Stored records:
....

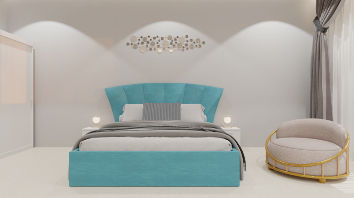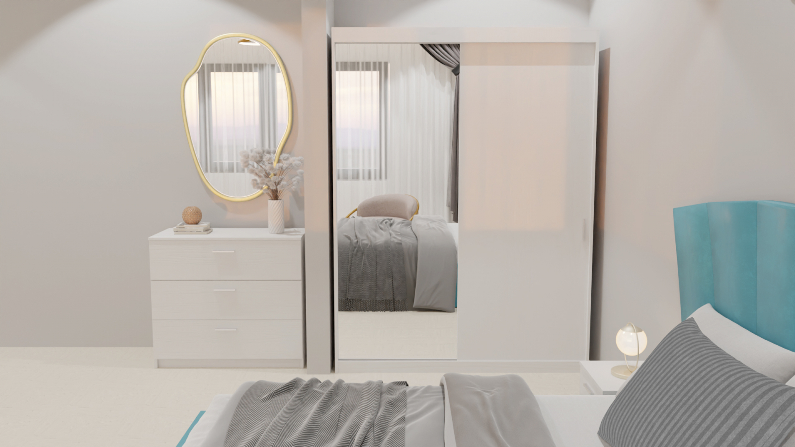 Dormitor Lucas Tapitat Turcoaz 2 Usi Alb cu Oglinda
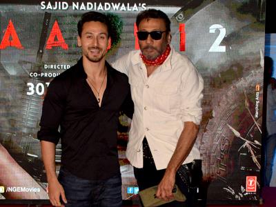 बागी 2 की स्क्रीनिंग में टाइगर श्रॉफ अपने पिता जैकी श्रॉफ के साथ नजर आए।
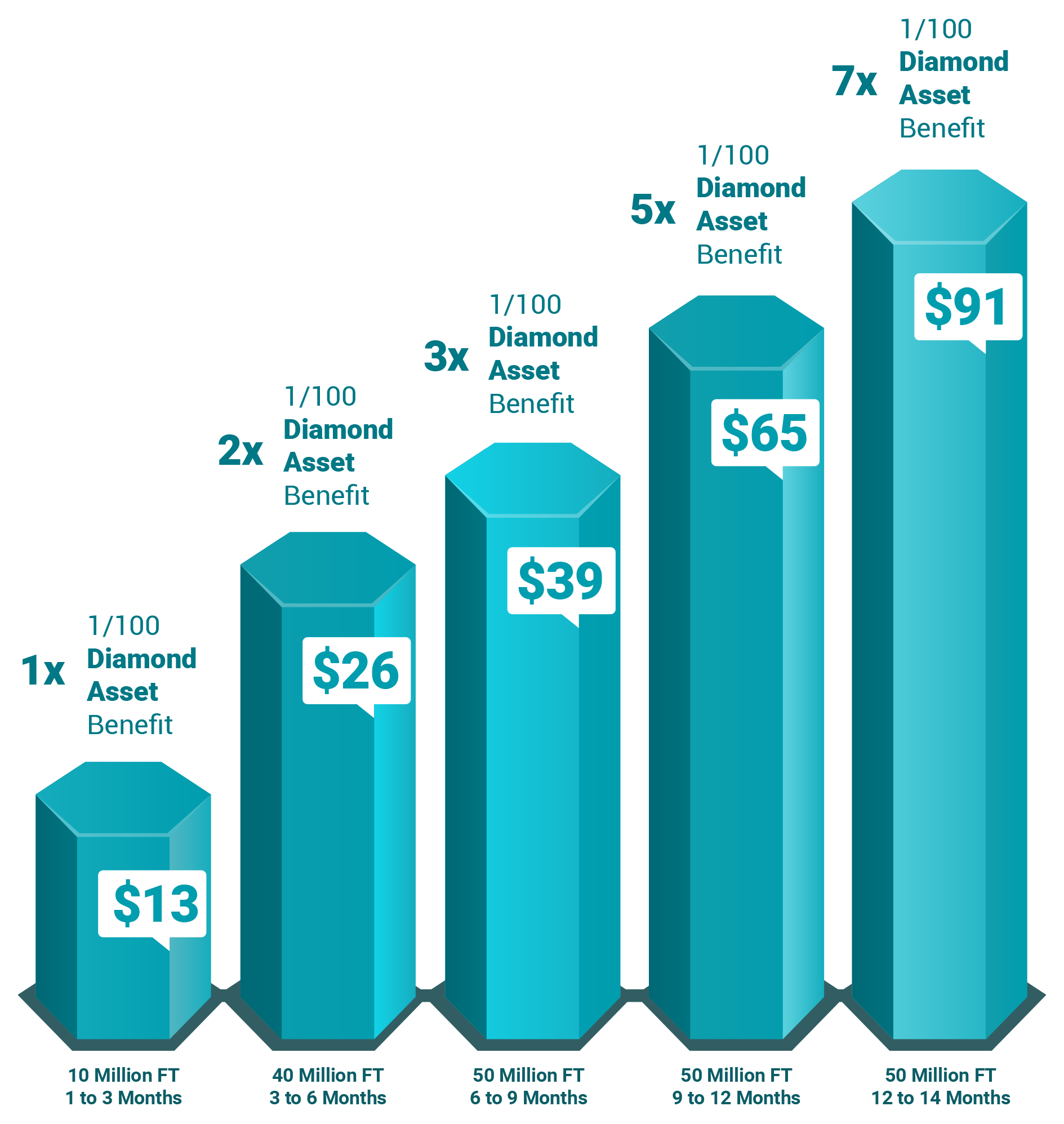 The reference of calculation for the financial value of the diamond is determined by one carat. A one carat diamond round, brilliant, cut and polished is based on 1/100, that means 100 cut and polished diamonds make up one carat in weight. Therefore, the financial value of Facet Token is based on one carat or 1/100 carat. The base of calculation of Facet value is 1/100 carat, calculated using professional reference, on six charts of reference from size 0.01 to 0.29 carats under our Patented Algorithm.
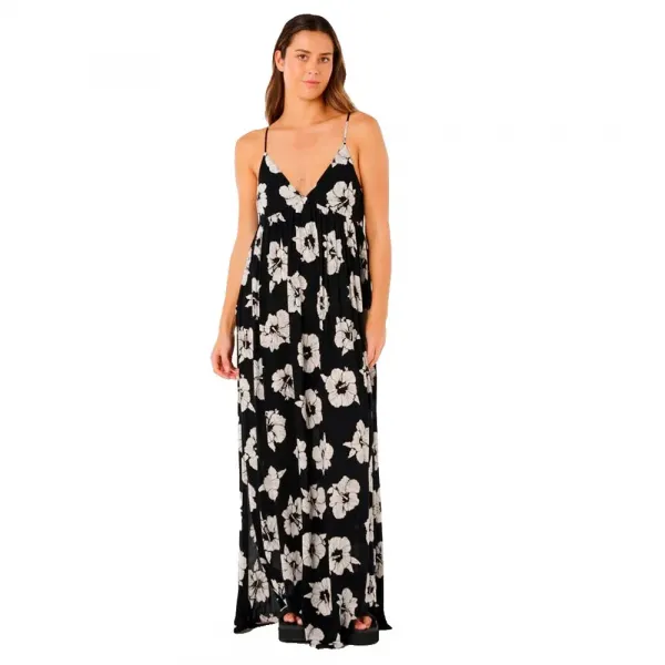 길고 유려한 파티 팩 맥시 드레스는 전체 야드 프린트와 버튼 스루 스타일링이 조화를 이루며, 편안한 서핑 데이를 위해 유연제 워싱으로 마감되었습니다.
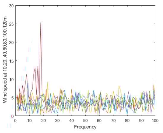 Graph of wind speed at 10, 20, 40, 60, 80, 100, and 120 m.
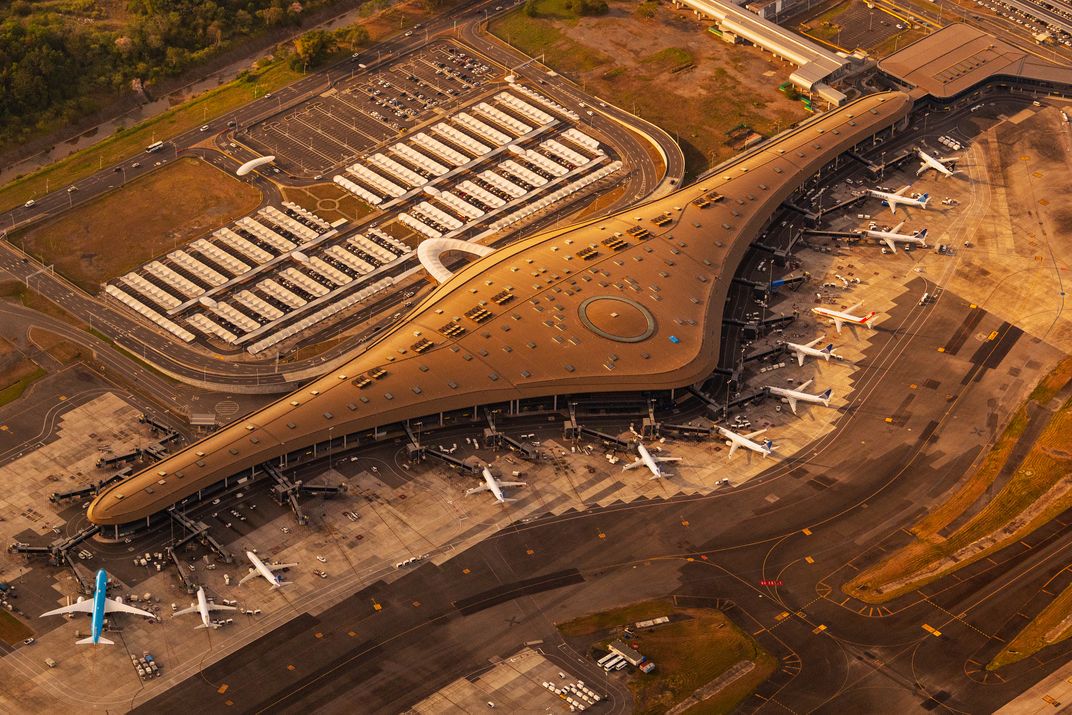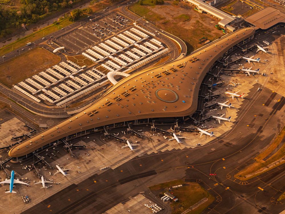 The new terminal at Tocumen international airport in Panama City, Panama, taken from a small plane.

....

## Requirement:
What comes back should match the records exactly, minus any pictures.

## Exercise output:
 Dormitor Lucas Tapitat Turcoaz 2 Usi Alb cu Oglinda
 बागी 2 की स्क्रीनिंग में टाइगर श्रॉफ अपने पिता जैकी श्रॉफ के साथ नजर आए।
 The reference of calculation for the financial value of the diamond is determined by one carat. A one carat diamond round, brilliant, cut and polished is based on 1/100, that means 100 cut and polished diamonds make up one carat in weight. Therefore, the financial value of Facet Token is based on one carat or 1/100 carat. The base of calculation of Facet value is 1/100 carat, calculated using professional reference, on six charts of reference from size 0.01 to 0.29 carats under our Patented Algorithm.
 길고 유려한 파티 팩 맥시 드레스는 전체 야드 프린트와 버튼 스루 스타일링이 조화를 이루며, 편안한 서핑 데이를 위해 유연제 워싱으로 마감되었습니다.
 Graph of wind speed at 10, 20, 40, 60, 80, 100, and 120 m.
 The new terminal at Tocumen international airport in Panama City, Panama, taken from a small plane.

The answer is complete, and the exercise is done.